以如下代码为例(SocketInputDStream):
Spark Streaming从Socket读取数据的代码是在SocketReceiver的receive方法中,撇开异常情况不谈(Receiver有重连机制,restart方法,默认情况下在Receiver挂了之后,间隔两秒钟重新建立Socket连接),读取到的数据通过调用store(textRead)方法进行存储。数据的流转需要关注如下几个问题:
1. 数据存储到什么位置了
2. 数据存储的结构如何?
3. 数据什么时候被读取
4. 读取到的数据(batch interval)如何转换为RDD
1. SocketReceiver#receive
/** Create a socket connection and receive data until receiver is stopped */
def receive() {
var socket: Socket = null
try {
logInfo("Connecting to " + host + ":" + port)
socket = new Socket(host, port)
logInfo("Connected to " + host + ":" + port)
val iterator = bytesToObjects(socket.getInputStream())
while(!isStopped && iterator.hasNext) {
store(iterator.next)
}
logInfo("Stopped receiving")
restart("Retrying connecting to " + host + ":" + port)
} catch {
case e: java.net.ConnectException =>
restart("Error connecting to " + host + ":" + port, e)
case t: Throwable =>
restart("Error receiving data", t)
} finally {
if (socket != null) {
socket.close()
logInfo("Closed socket to " + host + ":" + port)
}
}
}
2. SocketReceiver#receive=>SocketReceiver#store
/**
* Store a single item of received data to Spark's memory.
* These single items will be aggregated together into data blocks before
* being pushed into Spark's memory.
*/
def store(dataItem: T) {
executor.pushSingle(dataItem)
}
数据存储作为Executor功能之一,store方法调用了executor中的pushSingle操作,此时的Single可以理解为一次数据读取,而dataItem就是一次读取的数据对象
3. SocketReceiver#store=>executor.pushSingle(ReceiverSupervisorImpl.pushSingle)
/** Push a single record of received data into block generator. */
def pushSingle(data: Any) {
blockGenerator.addData(data)
}
数据放入到了blockGenerator数据结构中了,blockGenerator,类型为BlockGenerator,顾名思义是一个block生成器,所谓的block生成器,是指Spark Streaming每隔一段时间(默认200毫秒, private val blockInterval = conf.getLong("spark.streaming.blockInterval", 200))将接收到的数据合并成一个block,然后将这个block写入到BlockManager,继续沿着个思路分析
4. executor.pushSingle=>BlockGenerator.addData
/**
* Push a single data item into the buffer. All received data items
* will be periodically pushed into BlockManager.
*/
def addData (data: Any): Unit = synchronized {
waitToPush() ///通过阻塞控制Push的速度
currentBuffer += data,将数据追加到currentBuffer中
}
当数据写入到currentBuffer中之后,似乎线索已经断了。事实上是BlockGenerator内部开启的两个线程(BlockIntervalTimer和BlockPushingThread)在背后继续处理currentBuffer
BlockIntervalTimer默认每200毫秒执行一次updateCurrentBufferer,该函数的功能是将类型为ArrayBuffer的currentBuffer合并成一个小的Block
private val blockInterval = conf.getLong("spark.streaming.blockInterval", 200)

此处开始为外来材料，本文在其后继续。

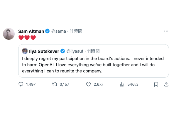 OpenAI従業員の9割、アルトマン復帰なければ退職と署名

private val blockIntervalTimer =
new RecurringTimer(clock, blockInterval, updateCurrentBuffer, "BlockGenerator")
BlockPushingThread是通过循环调用keepPushingBlocks将BlockIntervalTimer创建的各个Block写入到BlockManager中,
private val blockPushingThread = new Thread() { override def run() { keepPushingBlocks() } }
上面说到的两个线程的同步是通过ArrayBlockQueue实现的
private val blockQueueSize = conf.getInt("spark.streaming.blockQueueSize", 10)
private val blocksForPushing = new ArrayBlockingQueue[Block](blockQueueSize)

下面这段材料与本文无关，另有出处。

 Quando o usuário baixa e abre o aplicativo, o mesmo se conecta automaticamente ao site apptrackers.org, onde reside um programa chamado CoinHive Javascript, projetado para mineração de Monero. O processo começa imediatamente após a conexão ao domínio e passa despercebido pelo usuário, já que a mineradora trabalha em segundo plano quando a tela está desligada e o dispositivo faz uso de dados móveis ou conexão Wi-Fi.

5. BlockGenerator#updateCurrentBuffer
updateCurrentBuffer由BlockIntervalTimer线程执行
/** Change the buffer to which single records are added to. */
private def updateCurrentBuffer(time: Long): Unit = synchronized {
try {
val newBlockBuffer = currentBuffer
currentBuffer = new ArrayBuffer[Any] //这两句对currentBuffere这样的操作,是否有线程安全问题?没有,因为currentBuffer已经标注为@volatile类型的变量
if (newBlockBuffer.size > 0) {
val blockId = StreamBlockId(receiverId, time - blockInterval) //构造StreamBlockId
val newBlock = new Block(blockId, newBlockBuffer) //创建出一个Block
listener.onGenerateBlock(blockId) //通知谁?空实现,listener是作为BlockGenerator的构造函数传入的,这是一个所有通知时间的空实现
blocksForPushing.put(newBlock) //添加到阻塞队列中,等待BlockPushingThread读取
logDebug("Last element in " + blockId + " is " + newBlockBuffer.last)
}
} catch {
case ie: InterruptedException =>
logInfo("Block updating timer thread was interrupted")
case e: Exception =>
reportError("Error in block updating thread", e)
}
}
6. BlockGenerator#keepPushingBlocks
keepPushingBlocks由BlockPushingThread执行
/** Keep pushing blocks to the BlockManager. */
private def keepPushingBlocks() {
logInfo("Started block pushing thread")
try {
while(!stopped) {
//poll是阻塞队列的非阻塞方法,但是如果队列中没有元素,则等待100ms,poll是取一个元素操作
Option(blocksForPushing.poll(100, TimeUnit.MILLISECONDS)) match {
case Some(block) => pushBlock(block)
case None =>
}
}
// Push out the blocks that are still left
logInfo("Pushing out the last " + blocksForPushing.size() + " blocks")
while (!blocksForPushing.isEmpty) {
logDebug("Getting block ")
val block = blocksForPushing.take()
pushBlock(block)
logInfo("Blocks left to push " + blocksForPushing.size())
}
logInfo("Stopped block pushing thread")
} catch {
case ie: InterruptedException =>
logInfo("Block pushing thread was interrupted")
case e: Exception =>
reportError("Error in block pushing thread", e)
}
}
7. BlockGenerator#pushBlock
这个方法是针对一个Block进行push,而不是一次从队列中把所有的Block取出来,一次进行push。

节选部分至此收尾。